/---

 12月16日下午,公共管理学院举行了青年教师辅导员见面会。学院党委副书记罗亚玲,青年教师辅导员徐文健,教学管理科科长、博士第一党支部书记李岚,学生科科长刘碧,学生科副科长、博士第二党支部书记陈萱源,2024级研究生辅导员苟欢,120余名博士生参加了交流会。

\---
/---

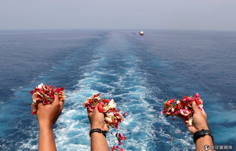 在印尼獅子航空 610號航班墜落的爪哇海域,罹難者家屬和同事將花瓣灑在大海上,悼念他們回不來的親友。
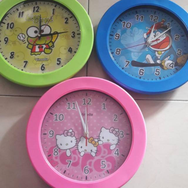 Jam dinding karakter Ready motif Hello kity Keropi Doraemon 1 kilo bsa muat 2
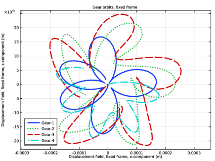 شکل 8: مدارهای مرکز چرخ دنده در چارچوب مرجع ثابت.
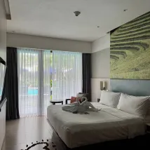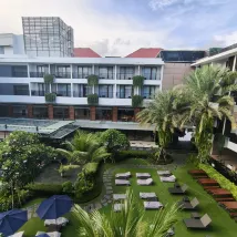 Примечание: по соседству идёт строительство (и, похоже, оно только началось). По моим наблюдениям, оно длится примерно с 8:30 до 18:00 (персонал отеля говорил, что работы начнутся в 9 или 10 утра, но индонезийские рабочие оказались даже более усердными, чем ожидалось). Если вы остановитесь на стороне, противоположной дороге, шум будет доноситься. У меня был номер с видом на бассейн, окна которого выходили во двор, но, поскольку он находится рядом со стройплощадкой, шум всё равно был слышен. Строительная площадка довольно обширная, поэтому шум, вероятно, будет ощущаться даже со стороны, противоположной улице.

\---
/---

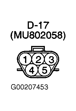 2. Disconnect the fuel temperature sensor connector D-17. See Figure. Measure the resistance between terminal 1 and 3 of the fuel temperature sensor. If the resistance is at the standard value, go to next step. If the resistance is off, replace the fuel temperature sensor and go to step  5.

\---

Exercise: No picture is to be printed. Output exactly the lines above from the line containing "在印尼獅子航空 610號航班" through the line containing "شکل 8: مدارهای مرکز".

Result for this exercise:
 在印尼獅子航空 610號航班墜落的爪哇海域,罹難者家屬和同事將花瓣灑在大海上,悼念他們回不來的親友。
 Jam dinding karakter Ready motif Hello kity Keropi Doraemon 1 kilo bsa muat 2
 شکل 8: مدارهای مرکز چرخ دنده در چارچوب مرجع ثابت.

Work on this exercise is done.